If crypto is the Wild West, Artificial Intelligence is an undiscovered continent. Its potential for good is matched only by its capacity for chaos. We are no longer talking in abstractions. AI-powered deepfakes threaten the very integrity of elections. Autonomous weapons could make life-or-death decisions on the battlefield without human intervention. The potential for pervasive social scoring systems, already a reality in some nations, threatens the very notion of personal freedom.

Here, the stakes are existential. The debate cannot be left to tech barons who preach disruption or to political interests who see AI as a tool of control. We urgently need a global, human-centric model for AI governance, one built on the Enlightenment values that France first championed. This means binding international treaties on the use of AI in warfare, much like the conventions on chemical and biological weapons. It requires consensus that foundational AI models must be audited for safety and that citizens have a right to know when they are interacting with an AI rather than a human. Europe's AI Act, in which France played a pivotal role, is a good start. But a regional framework will not suffice.

The thread that connects a decades-old conflict in the Middle East to the lawless frontiers of crypto and AI is the urgent need for a rules-based, human-centric order. Before companies start replacing labour with AI, there is a need for moral leadership that can stand its ground like Macron did despite Netanyahu's attacks and forge a consensus on a common minimum programme.

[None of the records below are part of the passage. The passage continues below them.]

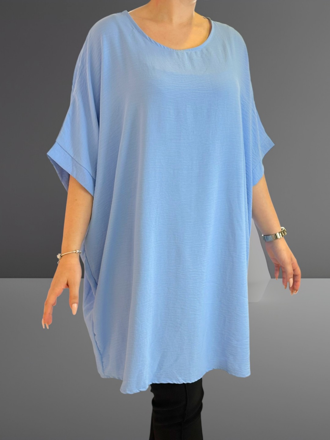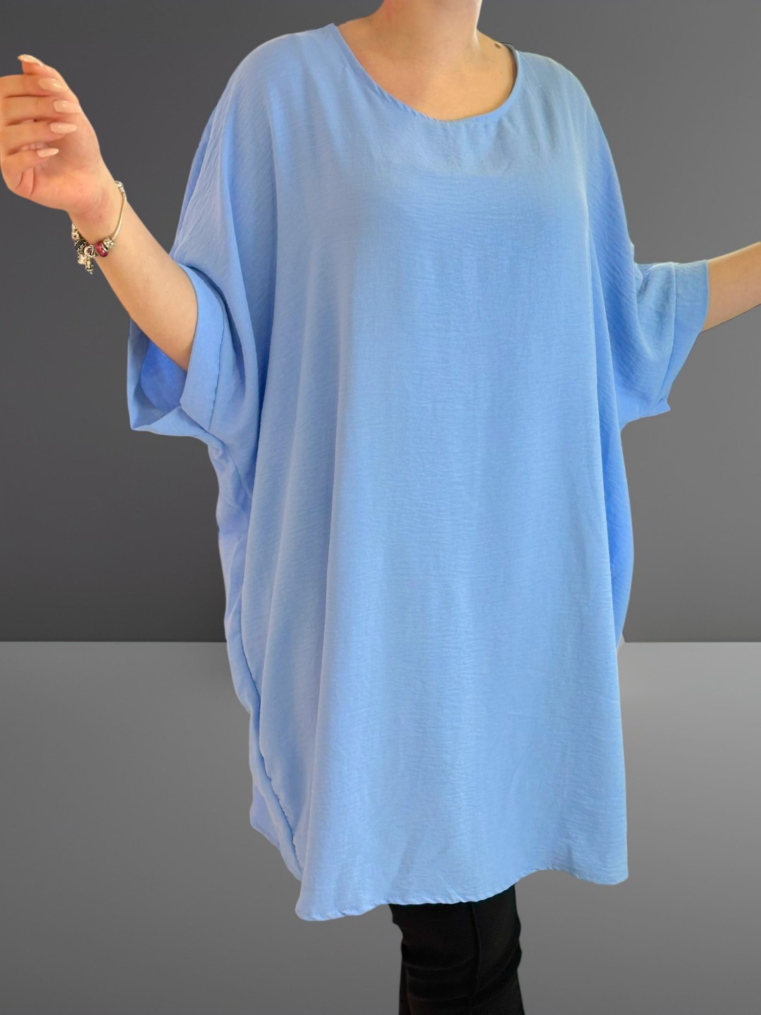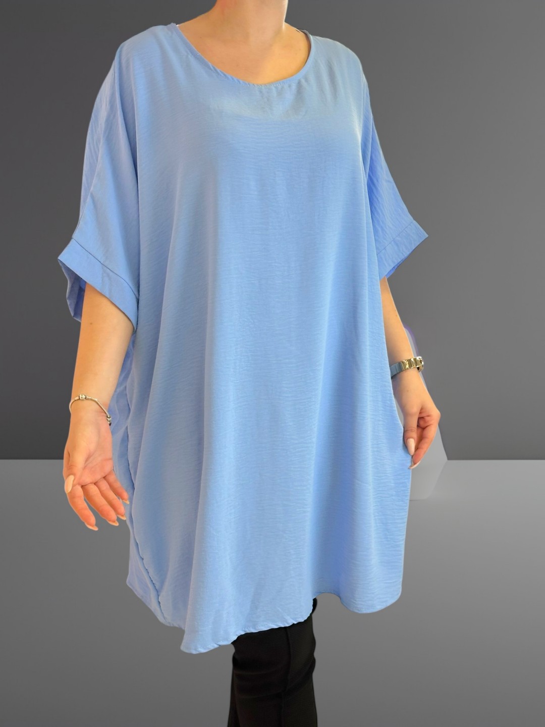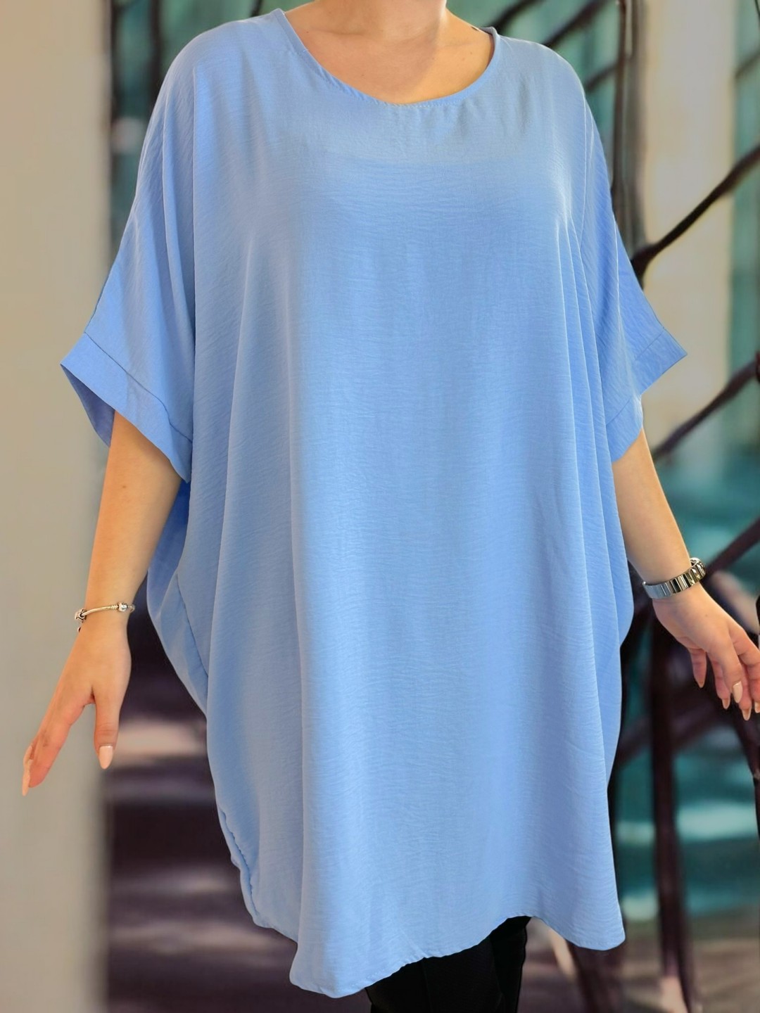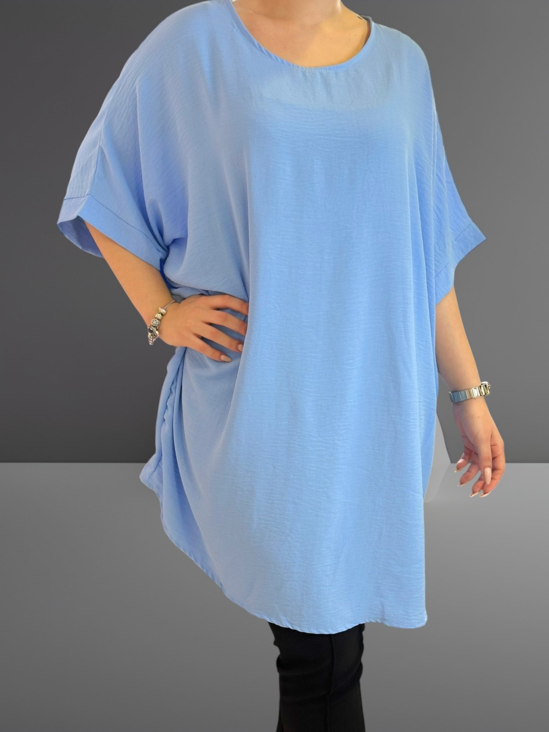 Αερινό plus size μπλουζοφόρεμα σε ύφασμα ζορζέτα, ιδανικό για κάθε σωματότυπο. Από 95% Βισκόζη και 5% ελαστάν, εξασφαλίζει άνεση και χάρη. Διαθέσιμο σε one size για ευκολοφόρετο, πάντα μοδάτο look.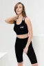 Комплект состоит из топа и велосипедок. Топ на широких бретелях, с округлой горловиной на полочке. В верхней части спинки расположены перекрещенные бретели с отделочными лампасами. Горловина, проймы и бретели обработаны бейкой из основного полотна. Велосипедки облегающие, длинной выше колена, сверху на резинке. Вдоль боковых швов расположены вставки с отделочными лампасы.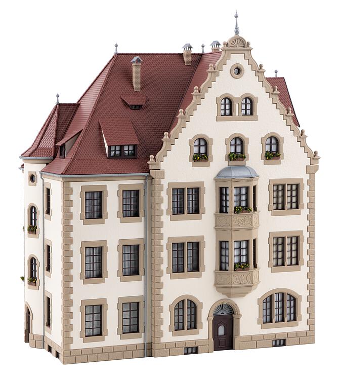 Repräsentatives, dreigeschossiges Gebäudemodell mit aufwändig gestalteten Fassadenelementen, wie gemauerte Fenstereinfassungen, Treppengiebel und Wappenbild sowie einem Fachwerk-Giebelhäuschen.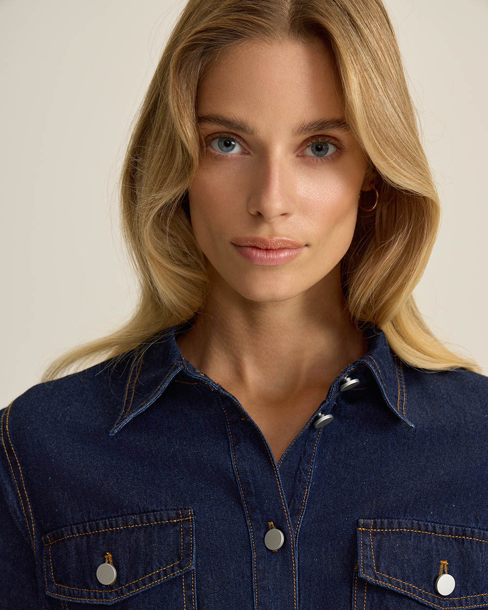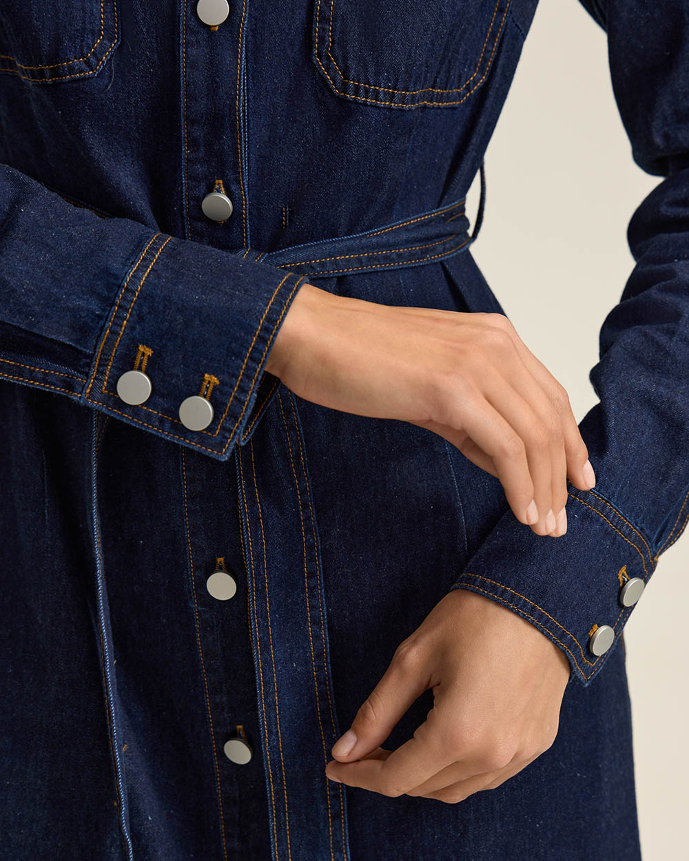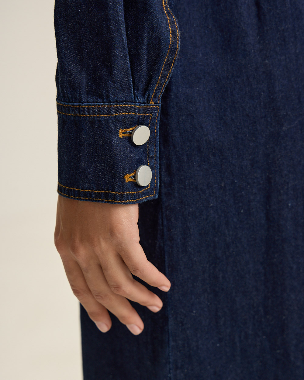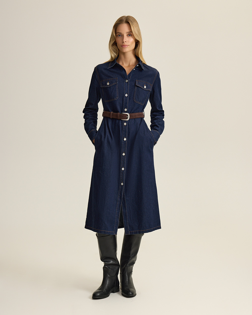 Платье из мягкого хлопкового денима — современная интерпретация классического женственного кроя, без лишней строгости. Приталенный силуэт, длинные рукава, застежка на пуговицы по всей длине.

By taking up the challenge of regulating these new technologies, France would not just be solving a modern problem; it would be reaffirming the very identity that gives it its unique and vital voice in the world.

The lesson is simple: France matters not because it is big, but because it dares to be principled. It is this moral leadership, tested in the Security Council, voiced at the General Assembly and needed in the digital age, that the world cannot afford to lose. It will be a duty of the democratic and well-meaning powers to ensure that France and its leadership stay protected while they undertake this Herculean task.